What is needed
Return each line of the records holding the string "Made".
---------- Information provided ----------
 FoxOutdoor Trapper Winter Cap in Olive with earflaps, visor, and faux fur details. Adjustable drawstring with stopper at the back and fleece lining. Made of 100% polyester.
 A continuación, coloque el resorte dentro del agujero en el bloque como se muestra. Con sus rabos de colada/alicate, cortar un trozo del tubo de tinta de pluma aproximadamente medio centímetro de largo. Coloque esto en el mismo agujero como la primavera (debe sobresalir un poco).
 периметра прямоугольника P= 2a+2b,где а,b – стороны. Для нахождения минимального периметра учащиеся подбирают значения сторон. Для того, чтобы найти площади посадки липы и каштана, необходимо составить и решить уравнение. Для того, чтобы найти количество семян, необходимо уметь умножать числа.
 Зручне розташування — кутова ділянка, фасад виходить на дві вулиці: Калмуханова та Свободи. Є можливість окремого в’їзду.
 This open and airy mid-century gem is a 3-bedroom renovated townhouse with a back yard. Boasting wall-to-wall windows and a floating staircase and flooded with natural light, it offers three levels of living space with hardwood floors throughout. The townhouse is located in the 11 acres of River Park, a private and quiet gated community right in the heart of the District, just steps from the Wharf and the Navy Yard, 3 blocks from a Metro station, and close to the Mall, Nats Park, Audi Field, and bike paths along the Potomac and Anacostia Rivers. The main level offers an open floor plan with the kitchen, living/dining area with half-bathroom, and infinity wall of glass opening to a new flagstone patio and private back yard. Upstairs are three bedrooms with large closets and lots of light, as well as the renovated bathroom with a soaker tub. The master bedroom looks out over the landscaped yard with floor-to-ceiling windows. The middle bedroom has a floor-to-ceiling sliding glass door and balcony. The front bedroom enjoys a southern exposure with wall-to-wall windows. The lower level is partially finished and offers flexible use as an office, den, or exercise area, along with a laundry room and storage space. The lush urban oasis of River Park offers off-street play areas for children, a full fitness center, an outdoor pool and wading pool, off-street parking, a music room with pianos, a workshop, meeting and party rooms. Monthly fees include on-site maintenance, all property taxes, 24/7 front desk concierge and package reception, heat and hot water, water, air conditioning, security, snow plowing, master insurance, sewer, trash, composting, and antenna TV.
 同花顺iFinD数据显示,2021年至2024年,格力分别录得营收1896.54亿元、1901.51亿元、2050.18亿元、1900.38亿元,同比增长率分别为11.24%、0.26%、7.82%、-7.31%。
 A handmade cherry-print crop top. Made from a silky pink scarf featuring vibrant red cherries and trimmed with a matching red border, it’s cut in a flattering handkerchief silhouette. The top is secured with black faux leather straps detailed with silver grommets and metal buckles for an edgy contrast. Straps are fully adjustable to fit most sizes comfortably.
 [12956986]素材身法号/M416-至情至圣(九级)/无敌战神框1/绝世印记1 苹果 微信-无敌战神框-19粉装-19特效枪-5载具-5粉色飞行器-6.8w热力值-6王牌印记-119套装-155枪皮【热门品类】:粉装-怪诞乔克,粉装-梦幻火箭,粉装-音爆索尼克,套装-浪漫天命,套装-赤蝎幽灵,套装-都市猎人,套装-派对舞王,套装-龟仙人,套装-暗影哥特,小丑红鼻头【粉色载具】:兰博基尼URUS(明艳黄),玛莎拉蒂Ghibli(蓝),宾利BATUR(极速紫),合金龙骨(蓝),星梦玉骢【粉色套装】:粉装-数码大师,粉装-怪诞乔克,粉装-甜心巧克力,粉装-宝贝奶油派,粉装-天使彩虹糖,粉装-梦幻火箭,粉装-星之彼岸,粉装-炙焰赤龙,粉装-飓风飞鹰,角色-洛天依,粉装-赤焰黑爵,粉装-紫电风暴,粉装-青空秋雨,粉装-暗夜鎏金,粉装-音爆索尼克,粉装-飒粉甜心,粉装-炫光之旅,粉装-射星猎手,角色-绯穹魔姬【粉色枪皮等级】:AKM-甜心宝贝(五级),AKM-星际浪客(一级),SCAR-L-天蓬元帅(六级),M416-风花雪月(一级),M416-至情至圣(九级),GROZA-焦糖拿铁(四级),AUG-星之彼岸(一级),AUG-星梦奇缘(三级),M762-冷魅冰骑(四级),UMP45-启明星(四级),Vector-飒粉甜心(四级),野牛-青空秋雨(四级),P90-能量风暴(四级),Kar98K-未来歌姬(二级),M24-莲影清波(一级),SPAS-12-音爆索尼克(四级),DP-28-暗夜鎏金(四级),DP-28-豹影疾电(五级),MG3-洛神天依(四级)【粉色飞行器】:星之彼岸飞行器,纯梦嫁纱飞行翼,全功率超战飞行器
----------
Final answer
 FoxOutdoor Trapper Winter Cap in Olive with earflaps, visor, and faux fur details. Adjustable drawstring with stopper at the back and fleece lining. Made of 100% polyester.
 A handmade cherry-print crop top. Made from a silky pink scarf featuring vibrant red cherries and trimmed with a matching red border, it’s cut in a flattering handkerchief silhouette. The top is secured with black faux leather straps detailed with silver grommets and metal buckles for an edgy contrast. Straps are fully adjustable to fit most sizes comfortably.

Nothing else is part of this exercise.